» Task to carry out
In full and word for word, copy the listing; no pictures belong in the copy.

» Dataset section

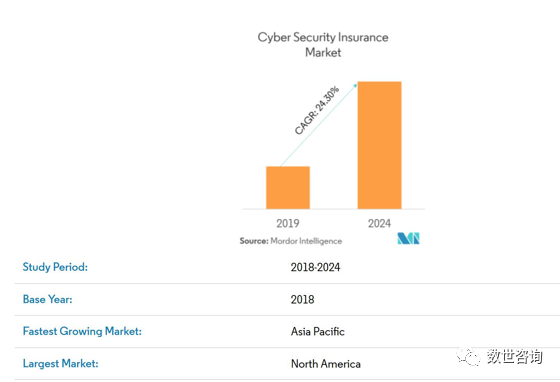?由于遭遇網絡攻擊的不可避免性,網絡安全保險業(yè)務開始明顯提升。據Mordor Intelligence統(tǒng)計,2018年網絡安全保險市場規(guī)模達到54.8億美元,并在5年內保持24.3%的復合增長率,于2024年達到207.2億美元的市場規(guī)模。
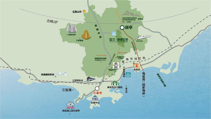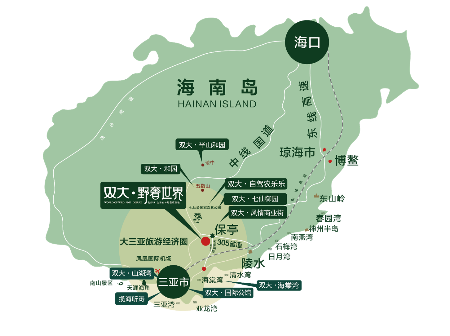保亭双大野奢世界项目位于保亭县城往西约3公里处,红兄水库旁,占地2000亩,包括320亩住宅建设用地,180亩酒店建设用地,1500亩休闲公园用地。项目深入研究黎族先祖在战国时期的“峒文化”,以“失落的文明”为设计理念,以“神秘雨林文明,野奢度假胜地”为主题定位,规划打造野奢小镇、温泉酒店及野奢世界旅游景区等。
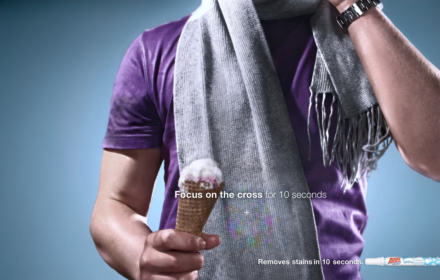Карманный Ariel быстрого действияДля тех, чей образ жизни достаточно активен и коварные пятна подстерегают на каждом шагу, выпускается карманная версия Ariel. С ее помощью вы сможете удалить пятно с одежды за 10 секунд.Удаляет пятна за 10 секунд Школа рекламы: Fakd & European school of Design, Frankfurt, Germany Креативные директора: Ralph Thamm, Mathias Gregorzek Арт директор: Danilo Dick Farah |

» Response box
?由于遭遇網絡攻擊的不可避免性,網絡安全保險業(yè)務開始明顯提升。據Mordor Intelligence統(tǒng)計,2018年網絡安全保險市場規(guī)模達到54.8億美元,并在5年內保持24.3%的復合增長率,于2024年達到207.2億美元的市場規(guī)模。
保亭双大野奢世界项目位于保亭县城往西约3公里处,红兄水库旁,占地2000亩,包括320亩住宅建设用地,180亩酒店建设用地,1500亩休闲公园用地。项目深入研究黎族先祖在战国时期的“峒文化”,以“失落的文明”为设计理念,以“神秘雨林文明,野奢度假胜地”为主题定位,规划打造野奢小镇、温泉酒店及野奢世界旅游景区等。
Карманный Ariel быстрого действияДля тех, чей образ жизни достаточно активен и коварные пятна подстерегают на каждом шагу, выпускается карманная версия Ariel. С ее помощью вы сможете удалить пятно с одежды за 10 секунд.Удаляет пятна за 10 секунд Школа рекламы: Fakd & European school of Design, Frankfurt, Germany Креативные директора: Ralph Thamm, Mathias Gregorzek Арт директор: Danilo Dick Farah |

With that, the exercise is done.